Очередное недомогание Лизы вынудило их на неделю остановиться в Сургуте. Они сняли мебелированные комнаты для себя и части сопровождающих, другая же часть расселилась по домам местных жителей, что было куда дешевле.

В этот раз Лиза не простыла — чувствовала слабость и тяжело вставала по утрам, а в экипаже её очень быстро укачивало. Свежий воздух и небольшой перерыв должны были с этим помочь, а потому они просто наслаждались мягкими постелями и свежими обедами.

Вечерами на нижнем этаже двора собирались постояльцы и случайные путники: торговцы, путешественники, местные крестьяне. На выходных хозяин приглашал музыкантов, и тогда людей становилось в разы больше, что не нравилось Лизе. Впрочем, в более тихое время она любила спуститься с Демидом и попить чаю у спрятавшейся в углу печи.

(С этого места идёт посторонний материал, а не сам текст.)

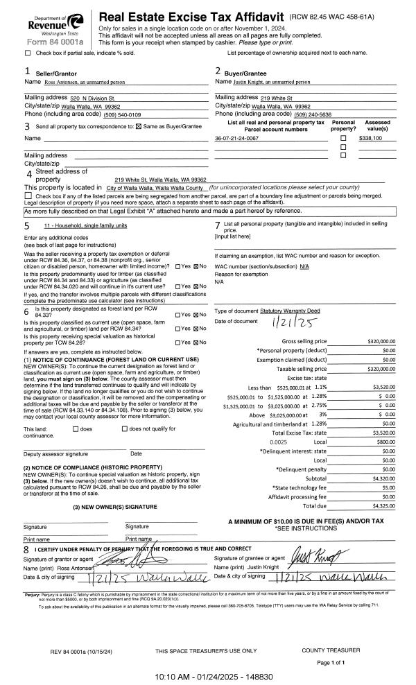 | 1 | 01/24/2025 | SWD | STATUTORY WARRANTY DEED | ANTONSEN ROSS | KNIGHT JUSTIN | | | $320,000.00 | 148830 | 2025-00390 |

Сегодня их излюбленное место отчего-то было занято — старец в тёмном халате что-то воодушевлённо рассказывал слегка нетрезвому местному. Демид хотел было вернуться в комнату, но Лиза направилась к соседнему столу — за день четыре стены ей опостылели. Запах кислых щи, хлеба и клюквенного компота заставили тошноту и головную боль отступить.

— И что ж, почтенный, прям-таки ножом ваши ткани не порезать? Не бывает такого! — мужик медленно покачал указательным пальцем перед носом старика.

— И правда не бывает, — тихо рассмеялся тот. Речь его, с излишне мягкими звуками, да и внешний вид, выдавали в нём иностранца. — Сказки всё это. Но вот про щёлк, про щёлк истину говорят — он что живой, в нём свет играет и тени пляшут. А какой у нас плов — всему голова!

— Хлеб всему голова! — не согласился местный. — А плов этот ваш — что за диво?

— Сначала мы жарим зирвак — нарезаем курдюк, туда мясо пожирнее, там и лук, моркови, жарим до золота — такие запахи стоят! Потом всё рисом, бобы ещё положим — водой заливаем. Специй, конечно — море, но особо — зира. Казан-то такой бывает, большой такой, что на сотню щеловек хватает — и не голодный после никто. Да и хлеб у нас есть — всякий, только что нам один хлеб?

— Откуда он, как думаешь? — шепнула Лиза. Демид только плечами пожал, продолжив подслушивать.

— Эк ты, старик, место своё любишь! Да и мы своё — у нас ваших пловов не водится, зато щи! Вона какие! — он ударил ложкой по своей уже пустой тарелке и встал. — Интересный ты, да пора мне — жинка орать будет, что поздно опять.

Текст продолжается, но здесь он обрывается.